A flaw or reason that results in a romantic conclusion (or even platonic ending) does not automatically invalidate, and mean "bad" or "wrong" for the whole of the relationship.

Thats like saying a meal sucked simply because one course out of say, five dishes, wasnt especially tasty- but that the entire meal was awful as a result.  Its like concluding that because in the end, we die, that the whole of our life before its ending is pointless, awful, and no good.  Simply because there is an ending, as though the entirety of what came before it is bad or of no worth.

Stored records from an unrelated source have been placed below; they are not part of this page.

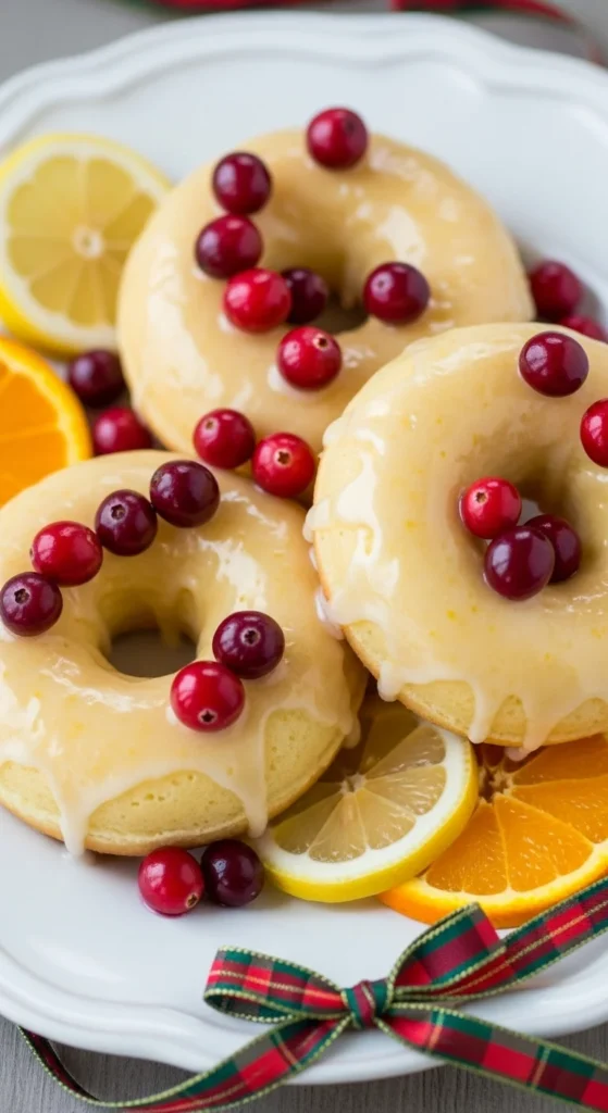 The bright citrus notes and tart cranberries make these donuts cheerful for the holidays.
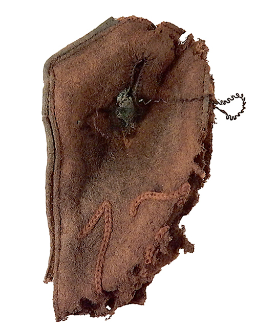 Shoulder strap of a German soldier’s uniform recovered from a 1914 trench excavated in Wijtaschate (Belgium). Personal effects found next to human remains may be key to their identification. According to this piece, the soldier would have belonged to the 17th infantry regiment of the Royal Bavarian Reserve.
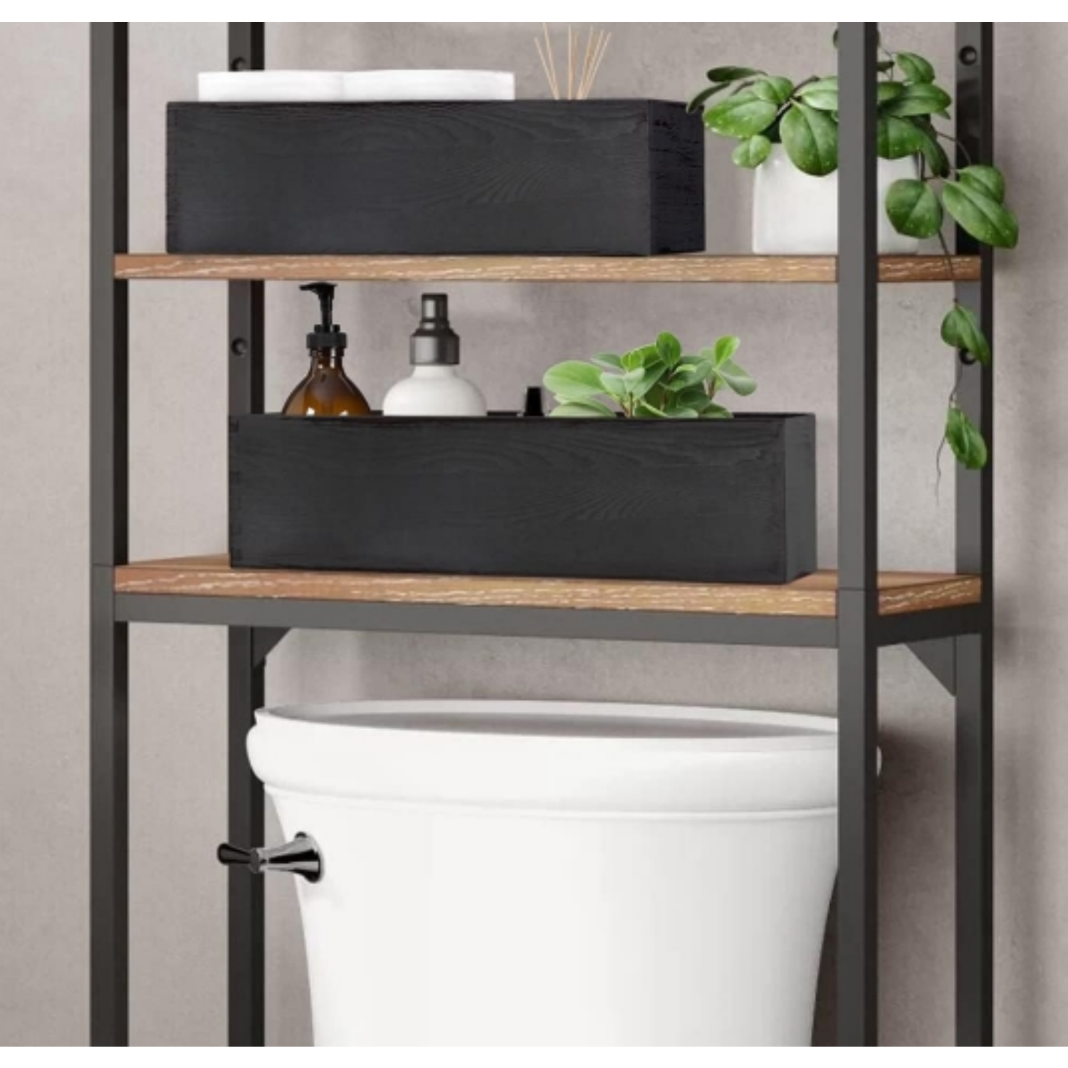 1 review for Bathroom Decor Box, 2 Pack Wooden Toilet Paper Holder, Black Toilet Tank Storage Basket
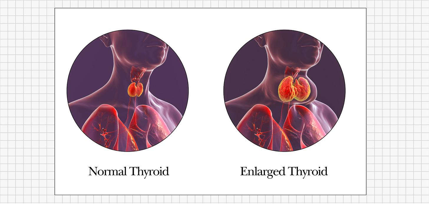 When iodine intake or absorption falls short, hormone production slows, and the thyroid works overtime to compensate. Over time, this deficiency can lead to a visible enlargement of the gland (known as a goiter) as it struggles to capture every bit of iodine it can find in order to keep up with hormone production.
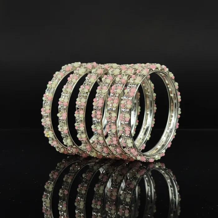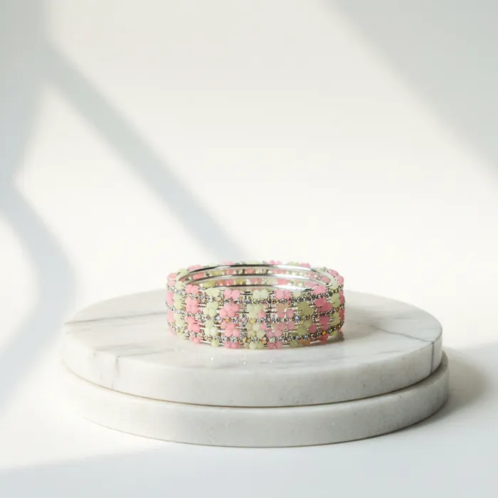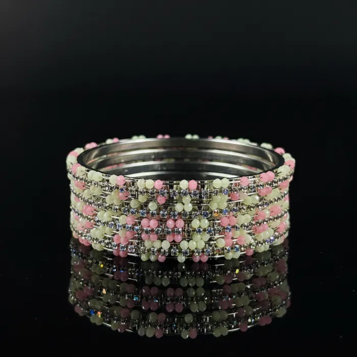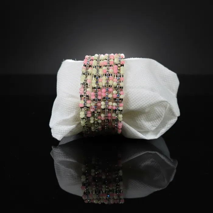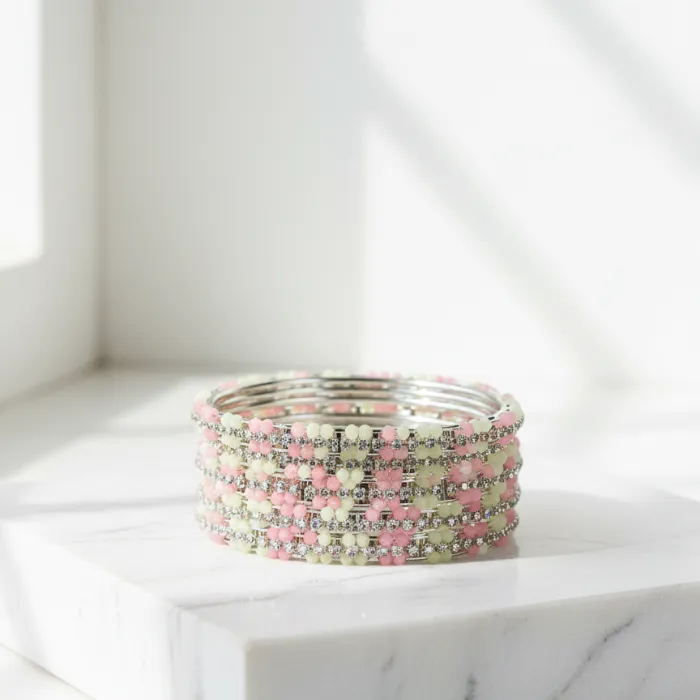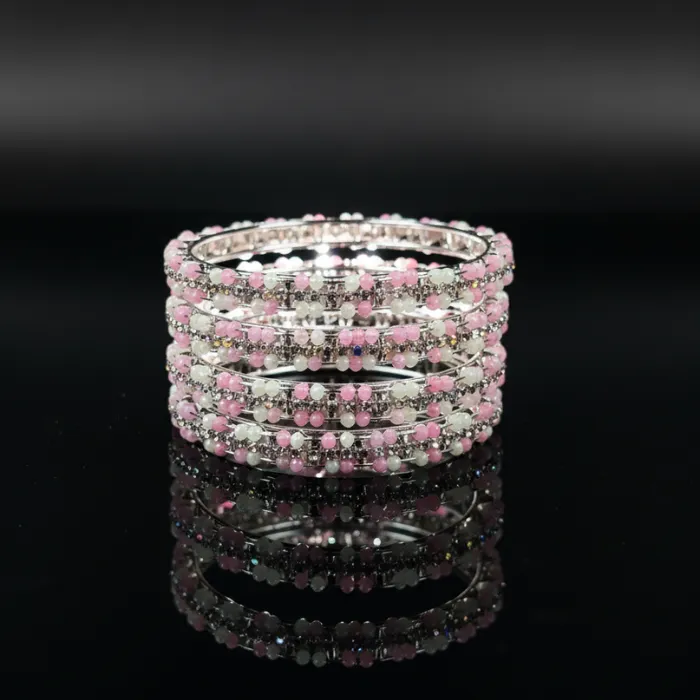 Pink & White Crystal Beaded Bangles Set for Women | Fashionable Alloy Bracelets
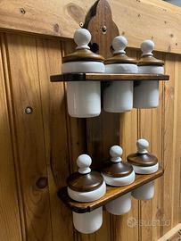 Set di barattoli in ceramica con coperchi con supporto in legno Vintage. set barattoli cucina stile vintage, porta barattoli legno rustico cucina, contenitori spezie con supporto legno, barattoli vintage decorazione cucina, organizer spezie legno naturale, Set barattoli cucina, Barattoli con supporto in legno, Porta barattoli da cucina, Contenitori ermetici, Vasetti porta spezie, Set dispensa cucina

Throughout each person’s life, our needs, goals, desires, values, and interests will alter, evolve, change, and grow.  
At varying times, we might both attract and need different types of people.  
This is no indication that any of these relationships are better than previous connections or the connections yet to come.  It simply means that both life and people are not static.  We are ever evolving.  Sometimes, what was healthy, inspiring, and necessary for us at one point, now looks different.

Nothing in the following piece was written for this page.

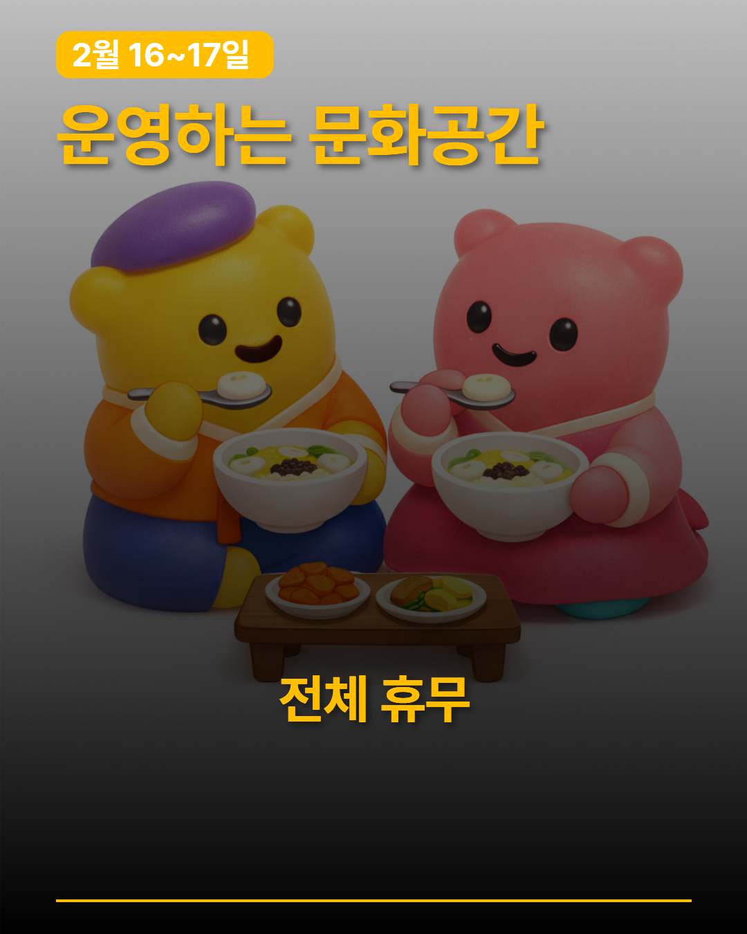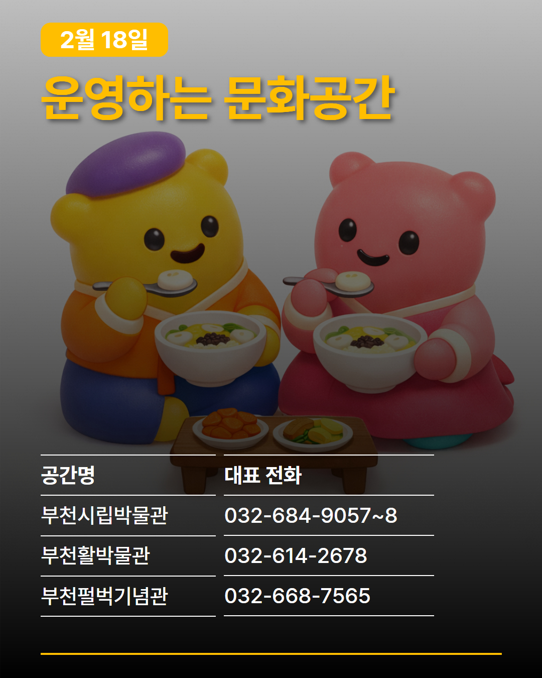 2026 설 연휴 재단 공간 운영 안내 구분 행사 작성자 부천문화재단 작성일 2026.02.09 조회수 10880 새해 복 많이 받으시고, 행복한 설 명절 보내세요🙇♀️설날 연휴 재단 공간 운영 안내드립니다🔔 📌2월 16일(월)~17일(화): 전체 휴무 📌2월 18일(수) 운영 공간: 부천시립박물관 부천활박물관 부천펄벅기념관 파일 목록 이전 글 2026년 4월 어린이공연 단체관람 신청안내 [공고 제2026–013호] 2026 부천시립박물관 움찬배움터 프로그램 운영자 서류심사 결과발표 및 면접심사 안내 다음글
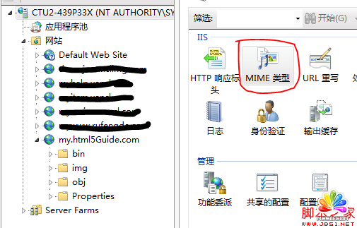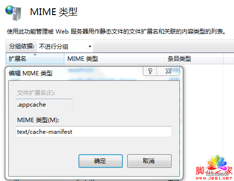 1.比如後綴名為.appcache,打開IIS7,選擇根節點(這樣所有站點都會繼承配置,也可以針對單個站點配置);

Each relationship and person that makes entrance into our life offers an abundance of lessons and insights along with them.  
In watching treacherous, unhappy, or toxic others, we learn both whom we do not want to be, as well as with who we wish to surround ourselves.  In the partaking of unhealthy or mis-matched relationships, we learn what doesn’t work for us, as well as what detracts from and harms both our life and ourselves.
Within our healthiest, most healing, joyous, and positively challenging relationships, this is where we may stretch and grow the most.  Assuming one is aware of and open to such when these connections present themselves in our lives.  Plenty of times, we cross paths with people of this very potential, though we ourselves aren’t ready.  Thus, the opportunity is lost.  However, assuming one is watching closely, brave, and emotionally available, these relationships present some of the most life enriching and character evolving potential.



Therefore, regardless of the specifics of any given relationship, there are no failed ones.  Really, the only conceivable relational failure is choosing to stay halted within something that, for years and years, makes you miserable, is unhealthy, diminishes your spirit, and is a glaring mismatch.  Remaining within a relationship that has reached its conclusion simply by means of laziness or fear, this is a mistake and a grave waste.  That is a failure of sorts in terms of utilizing ones limited time here on earth to the utmost, as well as living with bravery, imperative, and a sense of growth. 

Still, ultimately no relationship is a failure.  All of the connections that come into our life (as well as those that conclude or even crumble) serve us in multiple ways.  
Some of these will be painful lessons, with regards to whom and what we do not want.  Others will serve as the prompting of healthful changes and shifts to our own character and hearts.  And then a small handful of relationship are truly life altering in poignant, powerful, awesome ways.  
Every relationship though serves a purpose to both who we currently are, as well as whom we have the potential to become.  There are no failed relationships.